START Supplied data

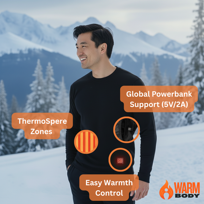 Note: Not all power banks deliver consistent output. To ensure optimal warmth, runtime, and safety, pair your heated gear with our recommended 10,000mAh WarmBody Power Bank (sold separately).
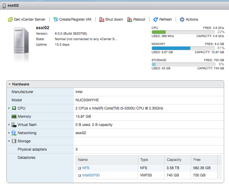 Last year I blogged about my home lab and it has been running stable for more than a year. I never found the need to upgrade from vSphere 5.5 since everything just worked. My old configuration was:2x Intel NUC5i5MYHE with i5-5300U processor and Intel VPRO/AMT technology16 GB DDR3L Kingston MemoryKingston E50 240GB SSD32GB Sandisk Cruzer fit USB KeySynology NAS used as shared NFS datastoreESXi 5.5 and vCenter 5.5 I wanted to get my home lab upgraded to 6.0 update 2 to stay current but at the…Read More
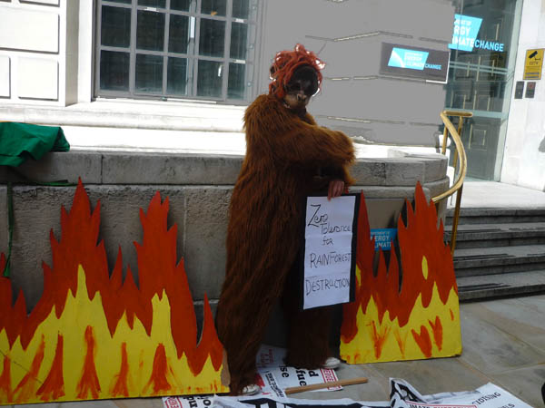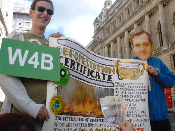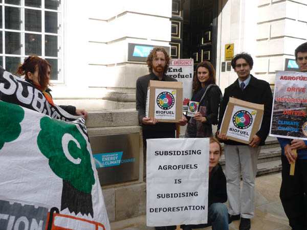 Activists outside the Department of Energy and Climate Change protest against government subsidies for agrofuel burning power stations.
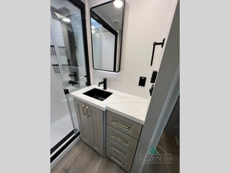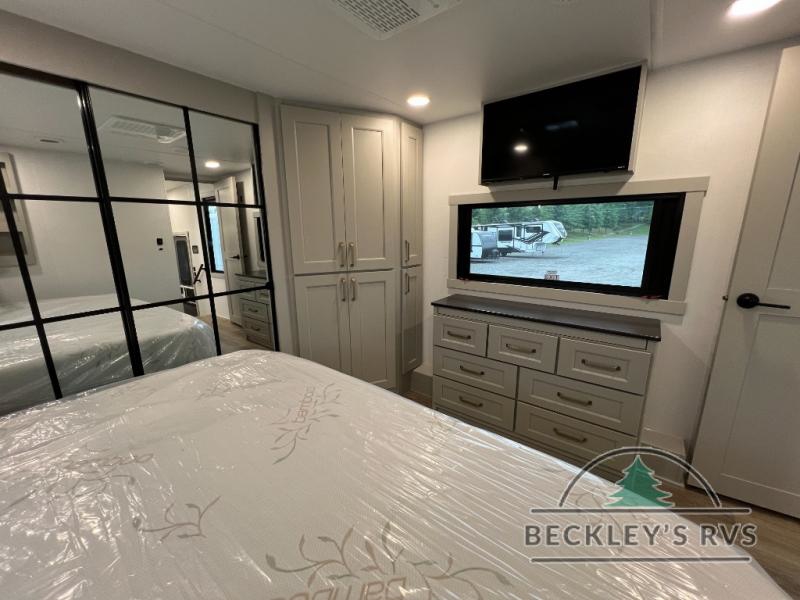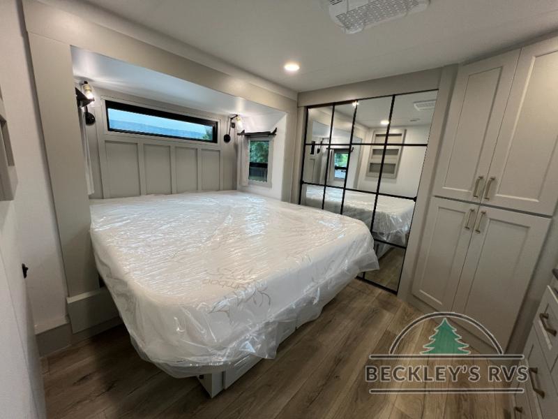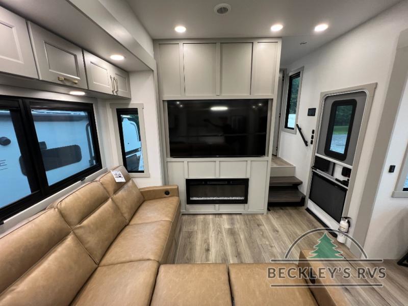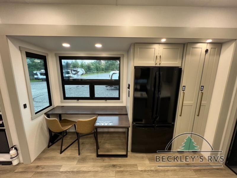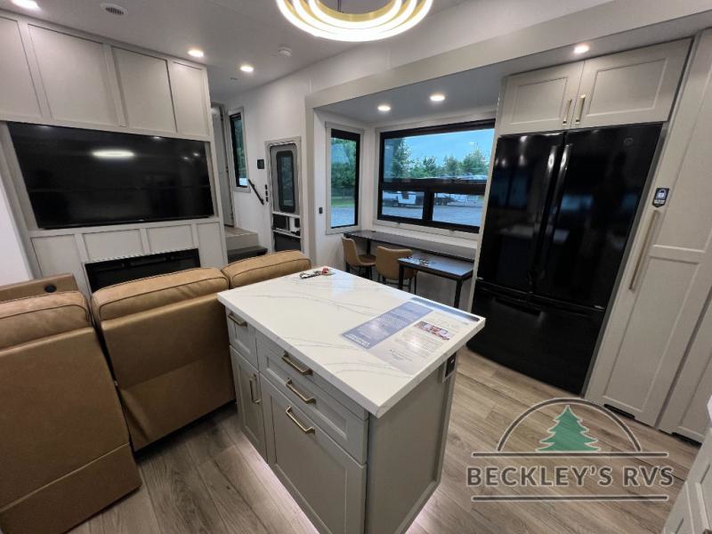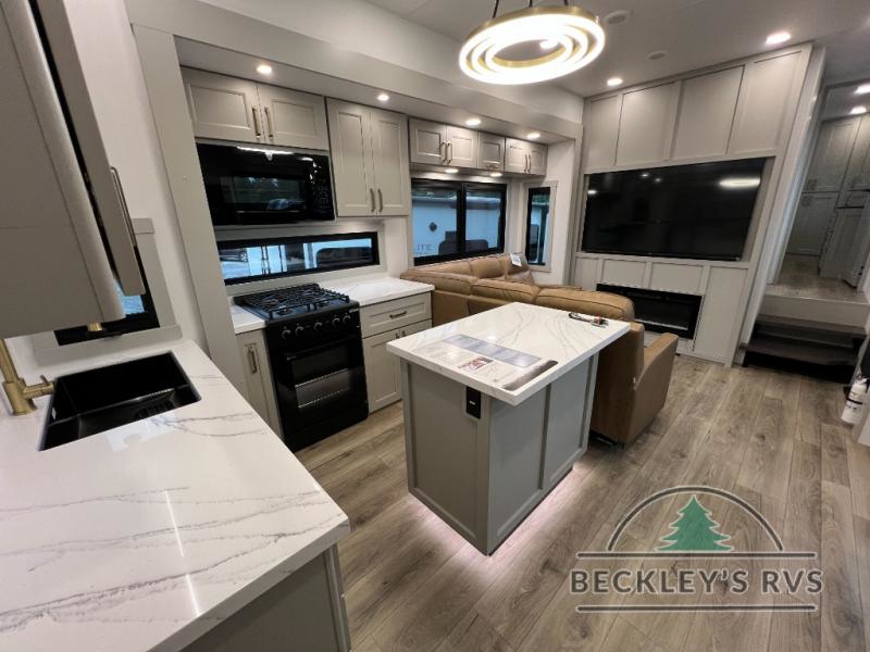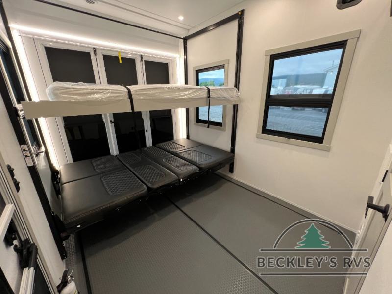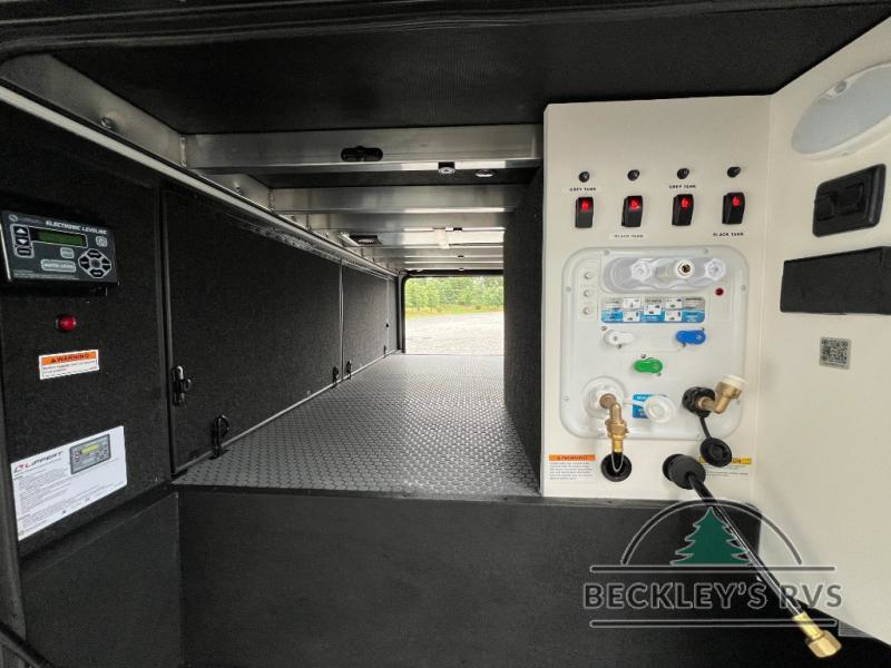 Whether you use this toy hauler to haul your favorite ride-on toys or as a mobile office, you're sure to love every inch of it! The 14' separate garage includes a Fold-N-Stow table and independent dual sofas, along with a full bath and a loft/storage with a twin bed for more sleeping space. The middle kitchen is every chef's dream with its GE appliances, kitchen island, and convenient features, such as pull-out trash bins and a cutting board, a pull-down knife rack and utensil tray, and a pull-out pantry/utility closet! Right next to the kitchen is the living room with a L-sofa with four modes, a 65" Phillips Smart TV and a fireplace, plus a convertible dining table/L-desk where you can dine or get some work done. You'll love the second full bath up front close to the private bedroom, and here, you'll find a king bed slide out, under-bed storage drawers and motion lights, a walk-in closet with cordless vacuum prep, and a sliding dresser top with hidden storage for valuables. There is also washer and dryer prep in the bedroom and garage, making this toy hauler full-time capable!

END Supplied data
START Supplied data

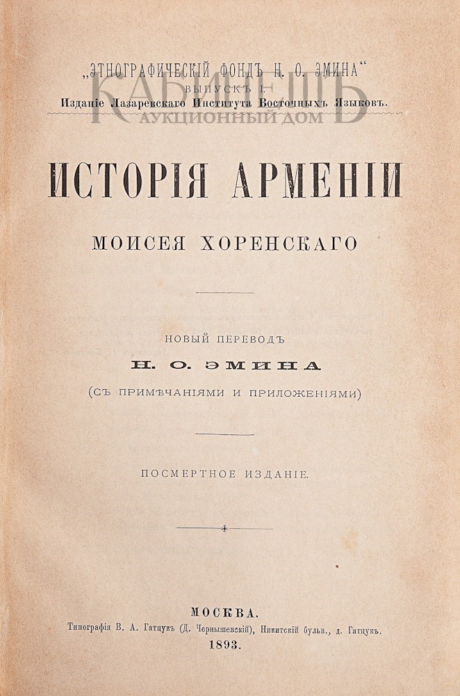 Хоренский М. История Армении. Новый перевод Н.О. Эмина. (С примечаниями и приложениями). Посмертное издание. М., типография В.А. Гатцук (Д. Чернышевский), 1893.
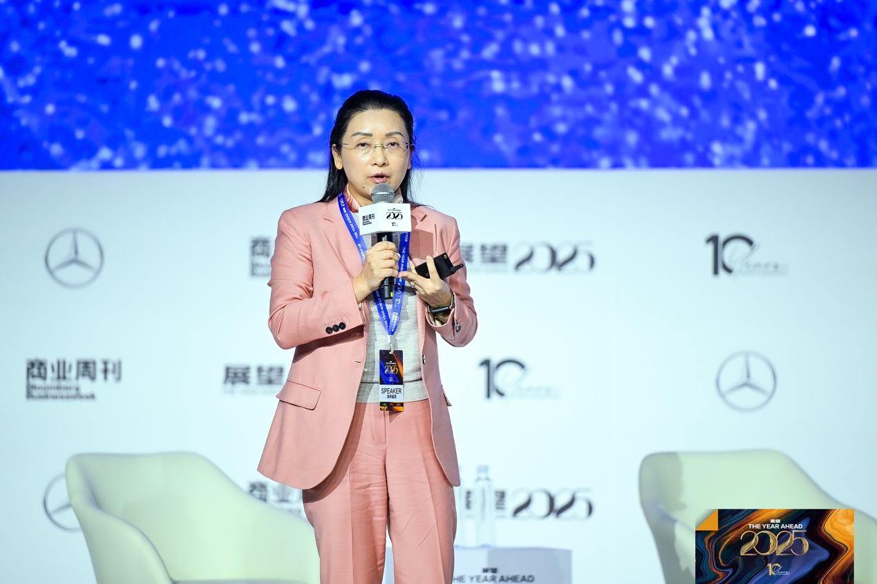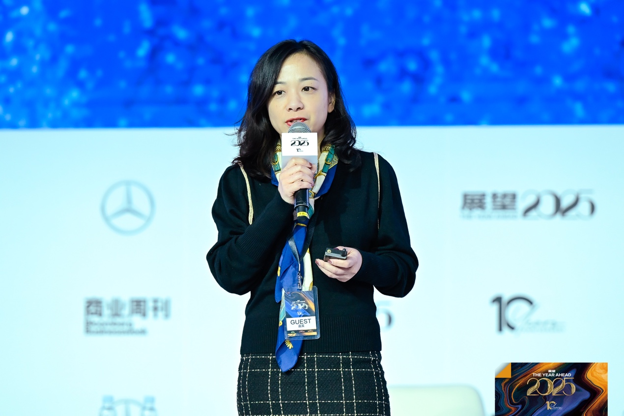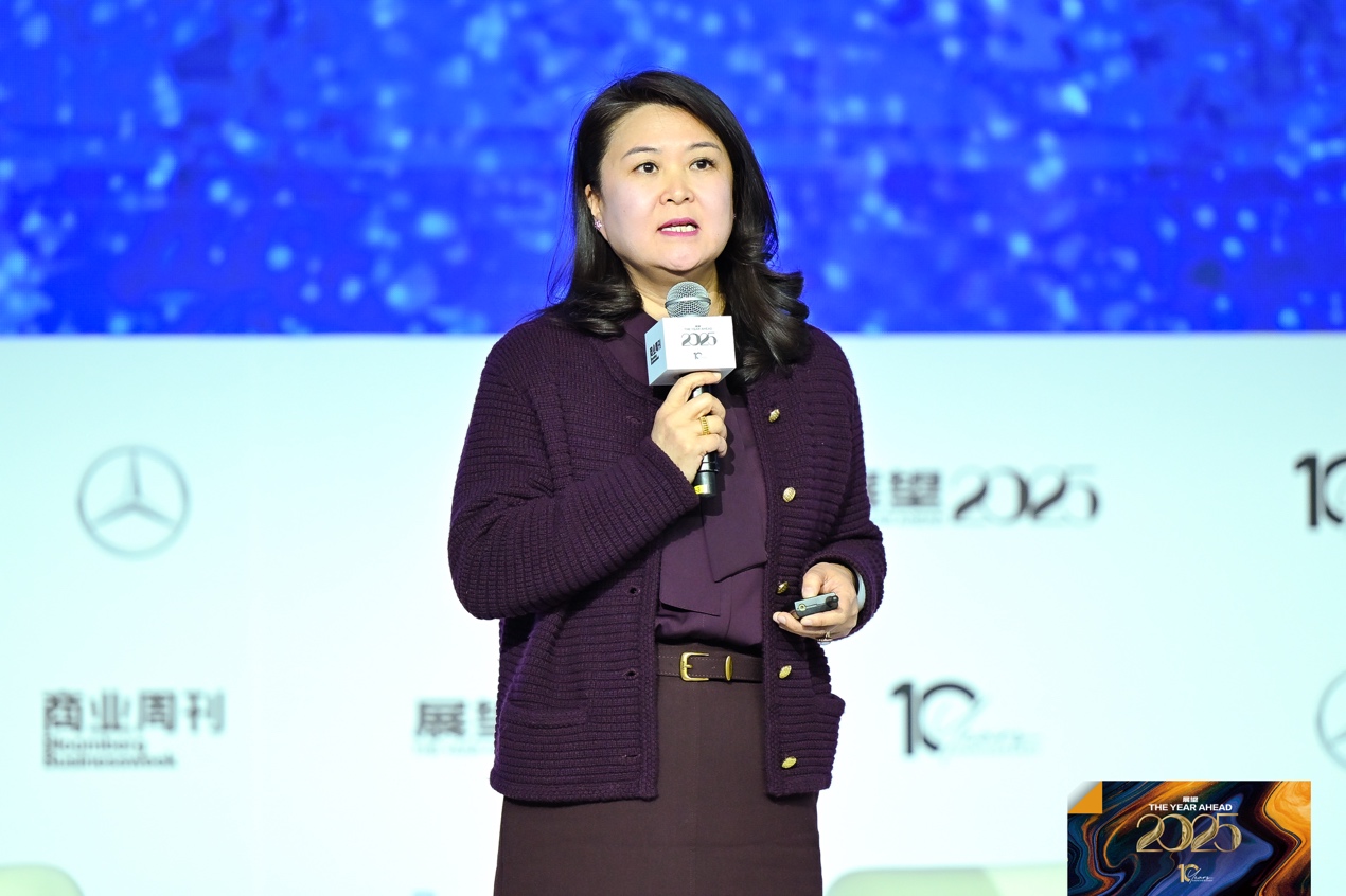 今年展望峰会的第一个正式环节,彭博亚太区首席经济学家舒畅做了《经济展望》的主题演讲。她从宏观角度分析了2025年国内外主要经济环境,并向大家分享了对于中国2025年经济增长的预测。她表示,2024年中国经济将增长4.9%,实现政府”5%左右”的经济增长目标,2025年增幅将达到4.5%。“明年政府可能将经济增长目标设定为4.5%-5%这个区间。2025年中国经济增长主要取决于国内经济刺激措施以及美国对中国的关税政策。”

END Supplied data

- [Work required] Transcribe only this stretch of the data: the line with "Note: Not all", the line with "Whether you use", and every line in between. Leave out the pictures.

- [Result]
 Note: Not all power banks deliver consistent output. To ensure optimal warmth, runtime, and safety, pair your heated gear with our recommended 10,000mAh WarmBody Power Bank (sold separately).
 Last year I blogged about my home lab and it has been running stable for more than a year. I never found the need to upgrade from vSphere 5.5 since everything just worked. My old configuration was:2x Intel NUC5i5MYHE with i5-5300U processor and Intel VPRO/AMT technology16 GB DDR3L Kingston MemoryKingston E50 240GB SSD32GB Sandisk Cruzer fit USB KeySynology NAS used as shared NFS datastoreESXi 5.5 and vCenter 5.5 I wanted to get my home lab upgraded to 6.0 update 2 to stay current but at the…Read More
 Activists outside the Department of Energy and Climate Change protest against government subsidies for agrofuel burning power stations.
 Whether you use this toy hauler to haul your favorite ride-on toys or as a mobile office, you're sure to love every inch of it! The 14' separate garage includes a Fold-N-Stow table and independent dual sofas, along with a full bath and a loft/storage with a twin bed for more sleeping space. The middle kitchen is every chef's dream with its GE appliances, kitchen island, and convenient features, such as pull-out trash bins and a cutting board, a pull-down knife rack and utensil tray, and a pull-out pantry/utility closet! Right next to the kitchen is the living room with a L-sofa with four modes, a 65" Phillips Smart TV and a fireplace, plus a convertible dining table/L-desk where you can dine or get some work done. You'll love the second full bath up front close to the private bedroom, and here, you'll find a king bed slide out, under-bed storage drawers and motion lights, a walk-in closet with cordless vacuum prep, and a sliding dresser top with hidden storage for valuables. There is also washer and dryer prep in the bedroom and garage, making this toy hauler full-time capable!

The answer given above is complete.